井上:日本のベンチャーキャピタル(VC)は世界標準から離れ、遅れていると伺います。
瀧口:日本のスタートアップの業界というのは、ある意味でガラパゴス的なんですね。これは悪い意味ではなくて、日本的なんです。シリコンバレーのベンチャーの動きと日本の動きは基本的に違いますから。
どちらがよいかという問題ではなく、根本的にゲームが違うんです。だから、私も日本でゲームをやるときは、日本型のゲームとして参加しています。でもアメリカで投資するときはグローバルなゲームだと理解してやります。
「その場で決める」アメリカ、裏付け求める日本
井上:何が違うのでしょうか。
瀧口:アメリカだと役割分担が明確なんです。アーリー、ミドル、レイターそれぞれのステージを得意とする投資家がいて、全員がリスペクトし合っている。役割分担ができているので判断も早いです。

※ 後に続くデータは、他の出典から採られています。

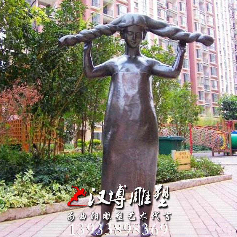 名称:扎辫子小女孩雕像,玻璃钢铜雕,小区雕塑
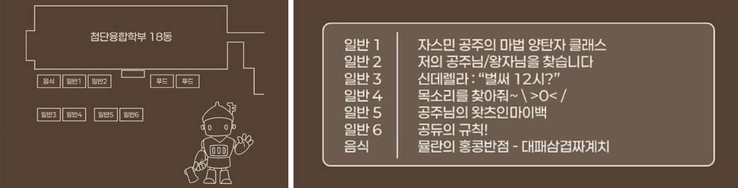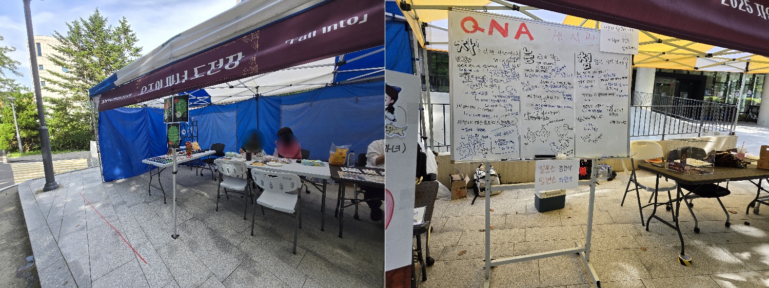 (좌) 학생회 부스 ‘너울’, (우) 칼시안 부스 ‘여우: 신포도였농’ (사진=조민정 기자)
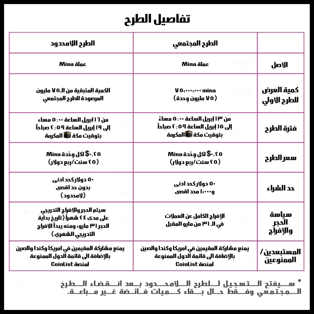 - الطرح الاولي للعملة $MINA جاء بعد تدشين الشبكة الرئيسية، يعني ادارة المشروع اوفت بأحد اهم الوعود للمستثمرين قبل استثمارهم، مع التأكيد انه مجرد جانب مهم ولا يعني ان المشروع مكتمل! بل لازال مشوار تطوراته للتوسع في بداياته
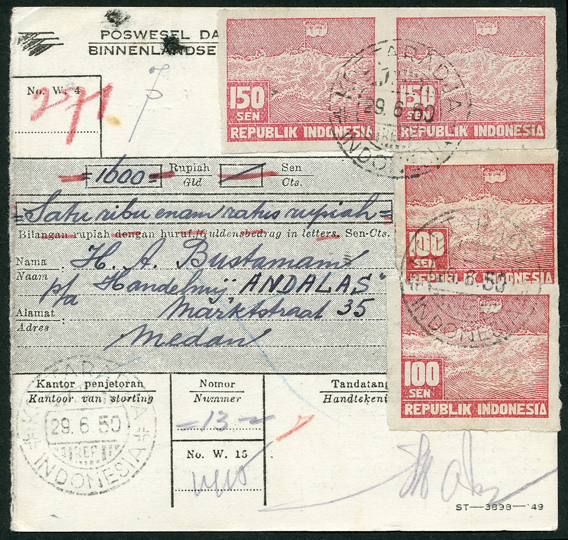 100 Sen no. 0201 (2x) and 150 sen no. 0202 (2x) on new M.O. with text in Indonesian and Dutch from Koetaradja 29.6.50 to Medan 1 30.6.50.17
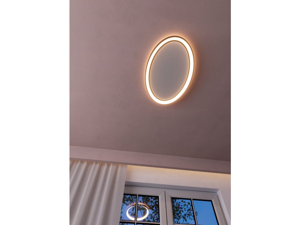 Stropní svítidlo pro interiéry vybavené SMD LED diodami s přímým/nepřímým světlem, možností stmívání a regulace teploty barevného světla od teplé bílé po neutrální bílou. Konstrukce z hliníku a kovu lakovaná do broušené bílé barvy, difuzor pro přímé světlo z bílého opálového akrylátu a pro nepřímé světlo z polystyrenu. Fotografie může být ilustrační.
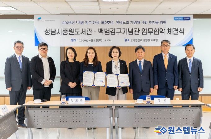 원스텝뉴스 천규영 기자 | 성남도시개발공사 중원도서관은 2026년 유네스코 기념해로 지정된 ‘김구 탄생 150주년’을 맞아 백범김구기념관과 업무협약을 체결했다고 6일 밝혔다.
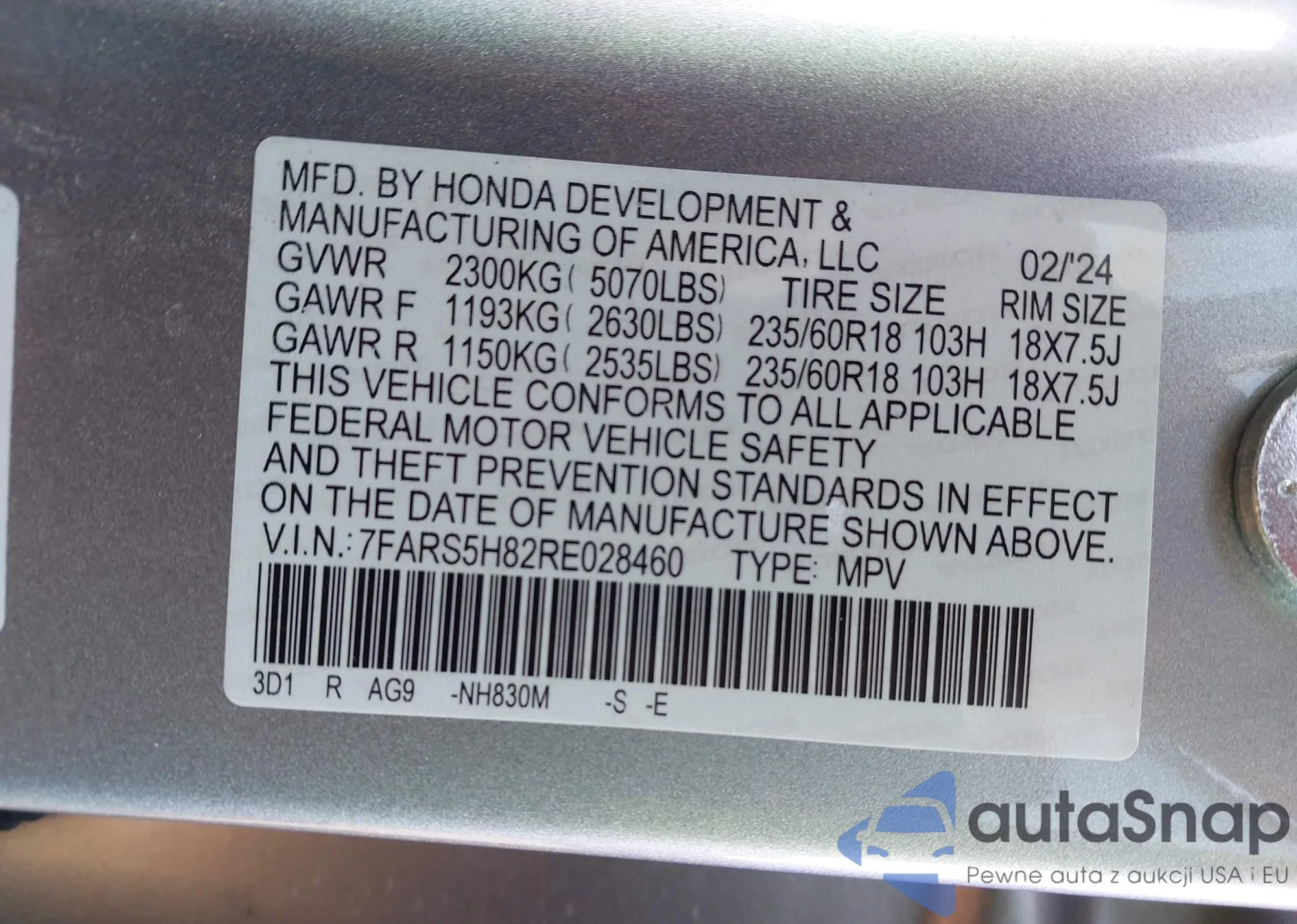 LOT: 43238536 VIN: 7FARS5H82RE028460
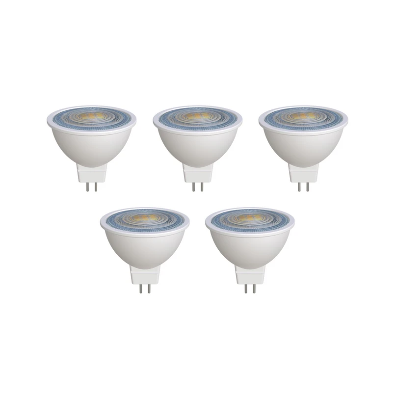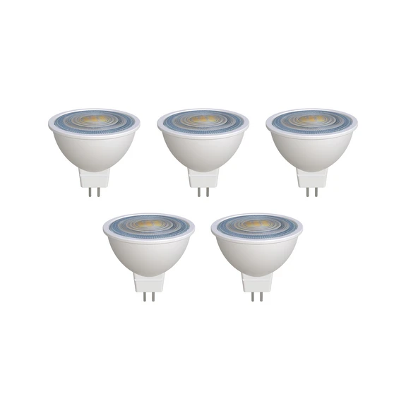 GU5.3 7.5W polycarbonate LED bulb, white, in a practical set of 5 This LED bulb is suitable for numerous lights with a GU5.3 socket. It is made of polycarbonate and can be used flexibly thanks to its white colour - not dimmable - 7.5W - 621 lumens - beam angle 36° - supplied in a set of 5
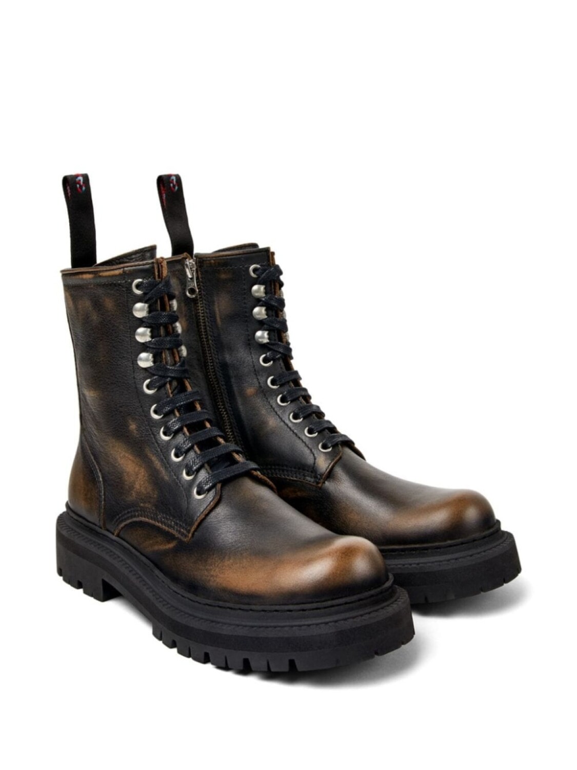 Коричневый/черный, кожа, гладкая текстура кожи, эффект потертости, отделка металлическими люверсами, закругленный носок, шнуровка спереди, застежка на молнии сбоку, кожаная стелька с логотипом, ребристая резиновая подошва
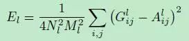 这里的l表示层,i和j表示该层的第i个feature map和第j个feature map,k表示feature map的第k个元素,因此这个公式就是对两个feature map求内积。为什么会引入Gram矩阵呢?其实就是为了表达图像的纹理特征(content representation)。有一种说法是图像的纹理特征和位置是没有关系的,Gram矩阵这种求两个feature map内积的结果也是和位置没有关系的,因此可以用来度量纹理特征。后来看的一些图像风格迁移的文章也挺多是对如何描述纹理相似方面入手。
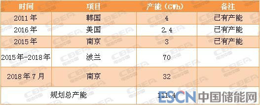LG化學現(xiàn)有及規(guī)劃(含在建)產(chǎn)能情況統(tǒng)計
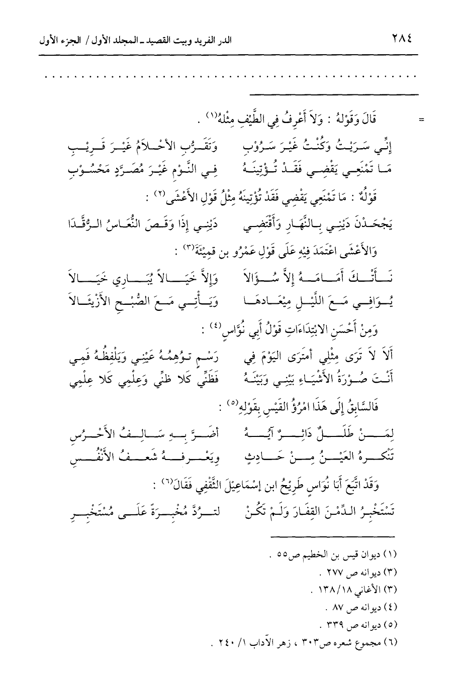 (6) مجموع شعره ص 303، زهر الآداب 1/ 240.
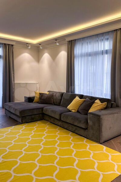 В квартире выполнен дизайнерский ремонт из «современных, качественных и брендовых материалов» по индивидуальному дизайн-проекту. Жилье можно назвать «комфортным и удобным» для проживания четырёх человек благодаря «грамотной планировке, расположению мебели и техническому оснащению». Стоимость аренды квартиры составляет 120 тыс. руб. в месяц.
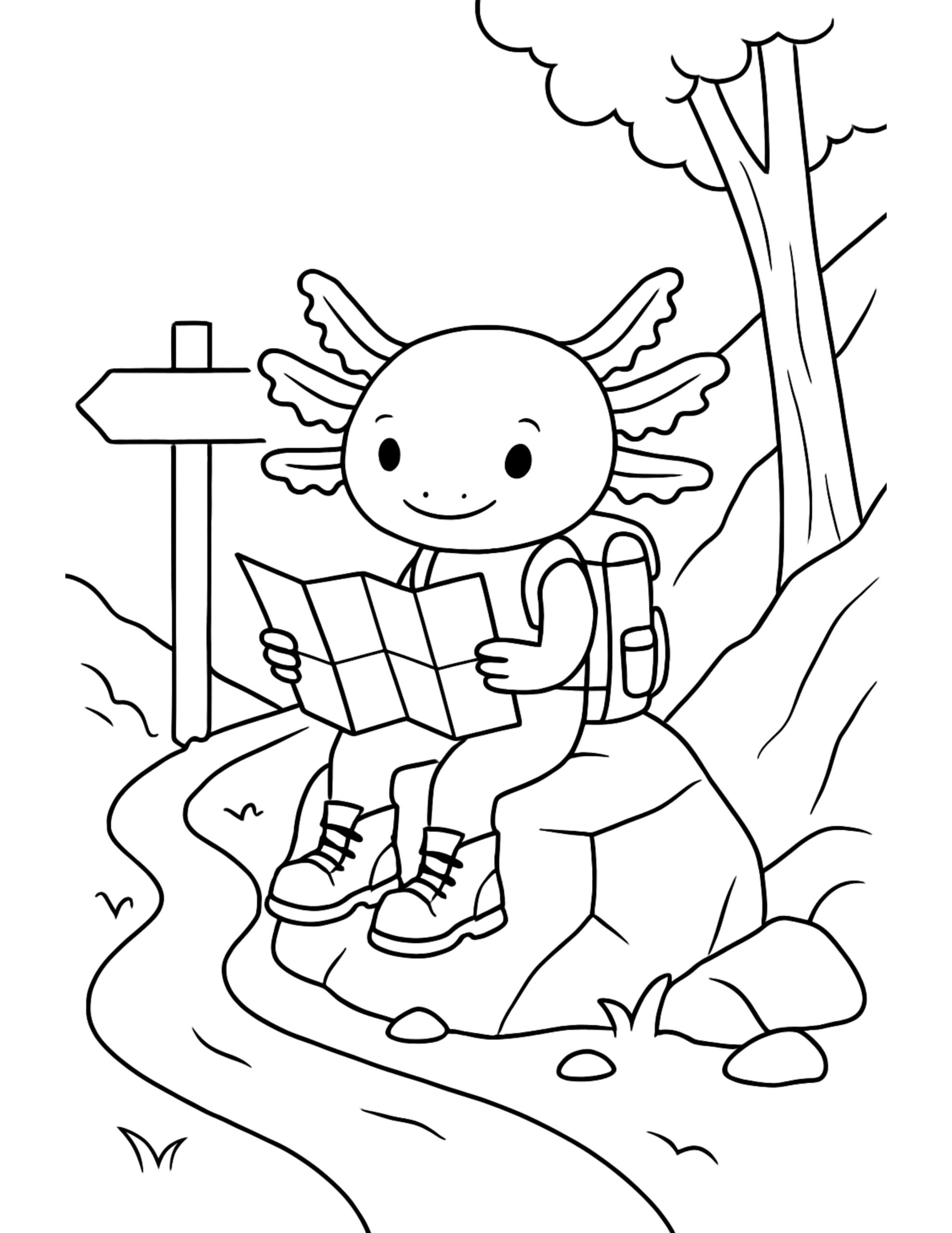 Meanwhile, axolotl reading a trail map coloring page shows a happy little hiker taking a break on a big rock. Nearby, a winding path and a simple signpost suggest a fun route to follow. Plus, the backpack and boots make it extra playful to color.
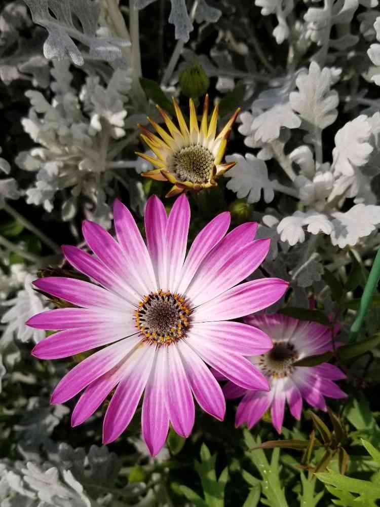 同じ時期に寄せ植えたオステオスペルマムのチロルとカルメンも
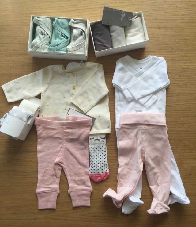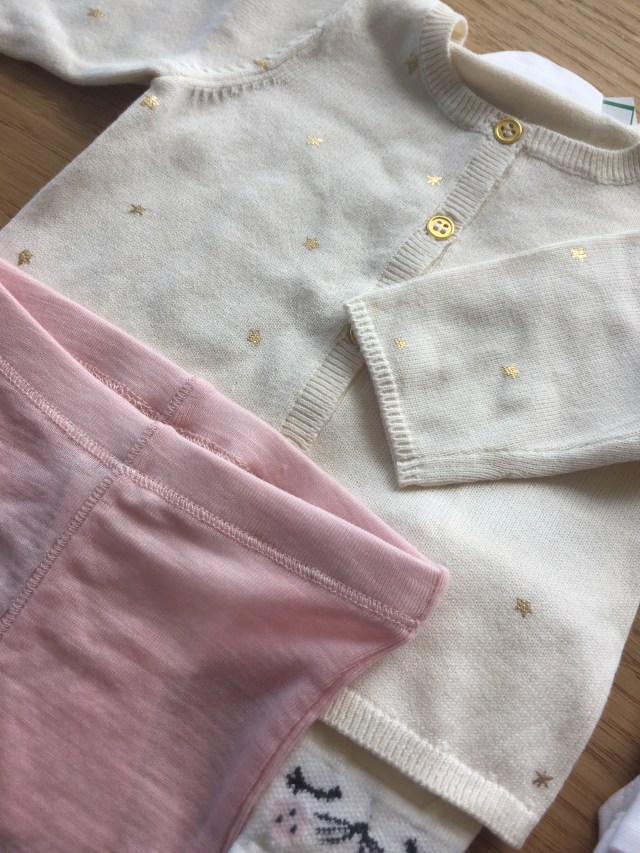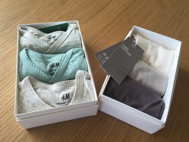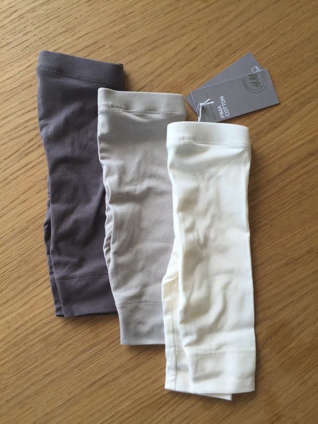 Nii nagu Lindexi puhul, on ka H&Mi kaubavalik poes ja netis veidi erinev, siuksed basic asjad on olemas mõlemas kohas, aga veidi “erilisemad” leiud peidavad end siiski e-poes. Hakkasin meie beebitüdrukule sealt asju otsima, oma beebiasjade nimekirja põhjal – esialgu oligi plaanis võtta paar hõlmik body (kuigi JJ-ga meile neid kasutada üldse ei meeldinud, siis otsustasime, et igaks juhuks ikka võtame mõned, äkki nüüd meeldivad rohkem) ja mõned kinniste otstega püksid. Siis avastasin aga, et neil seal saadaval mingi täiesti eraldi sari, kus asjad kolme kaupa pakis – leidsin väga armsad bodyd ja retuusid ning eriti suur oli mu üllatus, kui nägin valikus ka villaseid retuuse. Kõik see kraam läks muidugi kohe ostukorvi, lisaks veel üks imeilus kuldsete tähekestega kampsik, ühed tõeliselt minid põlvikud, 2 paari sukapükse (sest no kleite peab ju millegagi kandma) ja siis  ka esilagu plaanis olnud bodyd ja sipukad-retuusid.
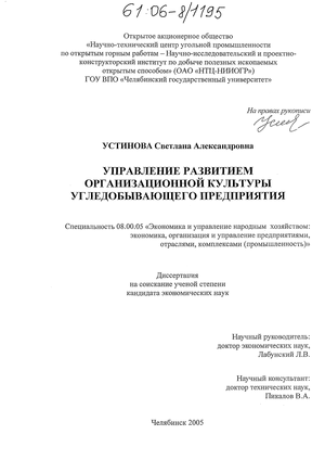 Актуальность темы исследования. Необходимость развития концепции организационной культуры российских угледобывающих предприятий обусловлена острой потребностью их владельцев в повышении конкурентоспособности бизнеса.
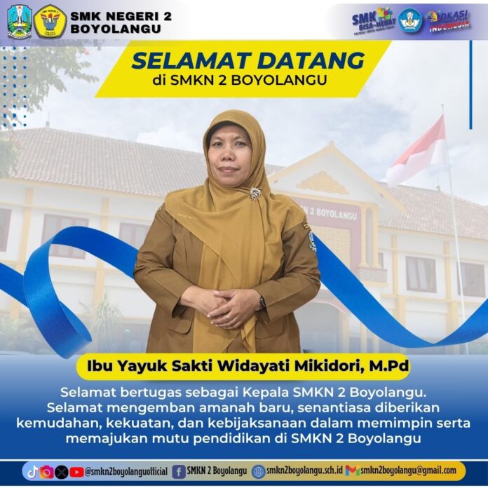 Keluarga besar SMKN 2 Boyolangu mengucapkan selamat datang dan selamat bertugas kepada Ibu Yayuk Sakti Widayati Mikidori, M.Pd sebagai Kepala SMKN 2 Boyolangu.
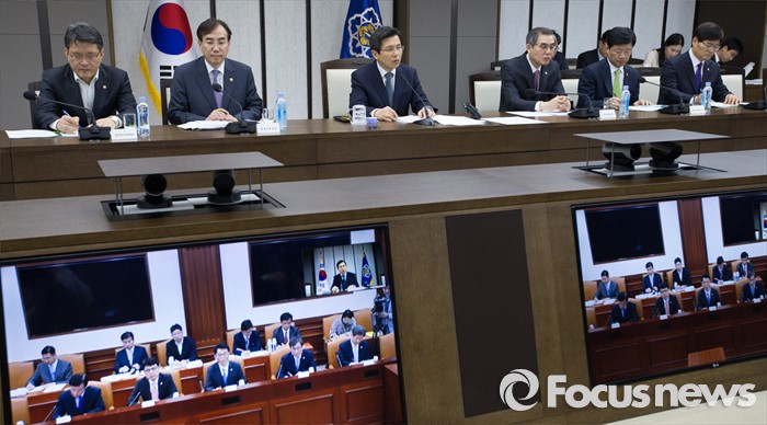 (세종=포커스뉴스) 황교안 국무총리가 17일 오후 세종시 정부세종청사 1동 대회의실에서 서울-세종 영상회의로 열린 국가정책조정회의에 참석해 회의를 주재하고 있다.

いい案件があったら、その場で感触を伝えます。話を聞いた瞬間に「金額の大小は別にして、とにかく出すから」と伝え、その瞬間に握ってしまうわけですね。
一方、日本の場合は役割分担が明確ではなく、組織の意思決定ですから裏付けや根拠が求められます。主に、ミドルステージ以降でゲームが進められるので判断材料も徐々にそろってきます。意思決定の場面でも「社内の投資委員会にはかるので3カ月待ってください」というのが少なくありません。
日本で求められるのは、日本市場に最適化された国内ゲームです。そのゲームでしっかり利益を上げていくことを考えているわけですから、セコイア・キャピタル(アメリカの大手VC)が求めるような巨大ビジネスを目指していません。